Task to complete —
Could you restate word for word only the lines below from the one holding "تصویر ۴. صومعه" to the one holding "photo: St. Augustine, FL—La", inclusive, and leave out the pictures?

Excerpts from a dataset
########################################
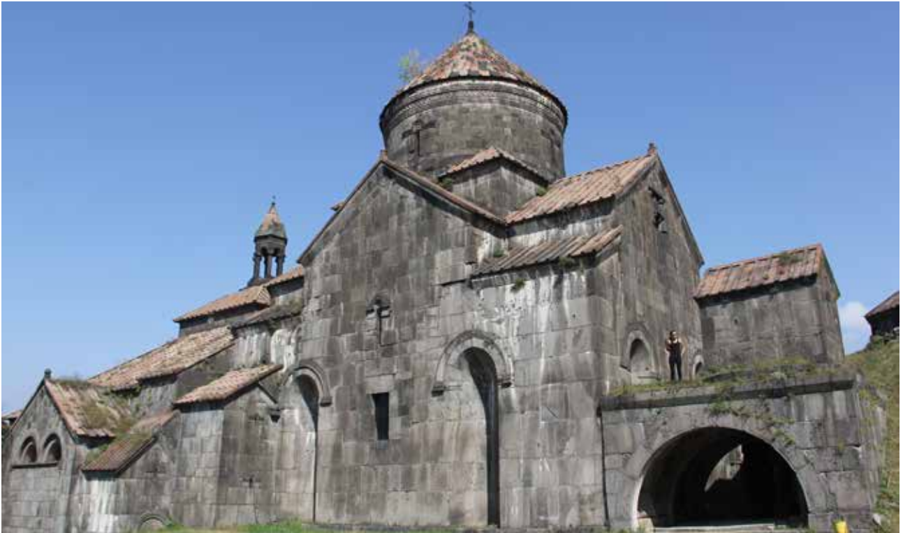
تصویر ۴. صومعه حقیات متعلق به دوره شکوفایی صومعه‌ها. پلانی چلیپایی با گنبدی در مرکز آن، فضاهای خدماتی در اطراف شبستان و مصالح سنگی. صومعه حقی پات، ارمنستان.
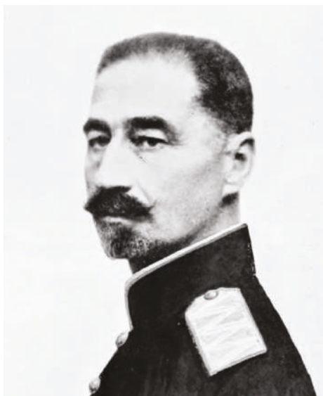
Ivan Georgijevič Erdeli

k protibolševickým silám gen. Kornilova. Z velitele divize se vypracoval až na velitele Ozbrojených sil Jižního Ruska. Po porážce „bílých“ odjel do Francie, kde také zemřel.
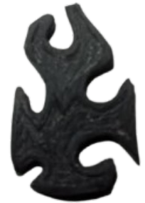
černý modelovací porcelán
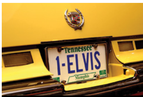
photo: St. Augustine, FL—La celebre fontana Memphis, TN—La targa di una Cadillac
########################################
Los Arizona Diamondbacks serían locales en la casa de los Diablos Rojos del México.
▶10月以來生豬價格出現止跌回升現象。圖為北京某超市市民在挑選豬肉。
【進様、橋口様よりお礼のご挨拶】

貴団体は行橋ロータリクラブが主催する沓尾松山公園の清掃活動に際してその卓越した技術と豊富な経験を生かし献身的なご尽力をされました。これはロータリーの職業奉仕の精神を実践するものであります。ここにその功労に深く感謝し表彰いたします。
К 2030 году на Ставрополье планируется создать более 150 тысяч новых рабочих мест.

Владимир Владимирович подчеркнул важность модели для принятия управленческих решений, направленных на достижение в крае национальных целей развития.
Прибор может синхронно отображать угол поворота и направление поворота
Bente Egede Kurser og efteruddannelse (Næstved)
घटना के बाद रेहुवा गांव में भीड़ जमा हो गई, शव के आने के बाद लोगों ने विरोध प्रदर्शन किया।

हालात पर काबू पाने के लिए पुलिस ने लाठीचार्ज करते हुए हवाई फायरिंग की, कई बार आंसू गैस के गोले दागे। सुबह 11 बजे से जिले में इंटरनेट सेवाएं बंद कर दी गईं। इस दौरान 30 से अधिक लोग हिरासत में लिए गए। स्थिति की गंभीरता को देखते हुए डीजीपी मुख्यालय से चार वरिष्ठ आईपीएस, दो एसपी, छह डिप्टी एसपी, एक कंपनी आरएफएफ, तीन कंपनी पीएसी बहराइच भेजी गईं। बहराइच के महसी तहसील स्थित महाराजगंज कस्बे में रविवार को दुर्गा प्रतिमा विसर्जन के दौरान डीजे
########################################
Solution for this exercise —
تصویر ۴. صومعه حقیات متعلق به دوره شکوفایی صومعه‌ها. پلانی چلیپایی با گنبدی در مرکز آن، فضاهای خدماتی در اطراف شبستان و مصالح سنگی. صومعه حقی پات، ارمنستان.
Ivan Georgijevič Erdeli

k protibolševickým silám gen. Kornilova. Z velitele divize se vypracoval až na velitele Ozbrojených sil Jižního Ruska. Po porážce „bílých“ odjel do Francie, kde také zemřel.
černý modelovací porcelán
photo: St. Augustine, FL—La celebre fontana Memphis, TN—La targa di una Cadillac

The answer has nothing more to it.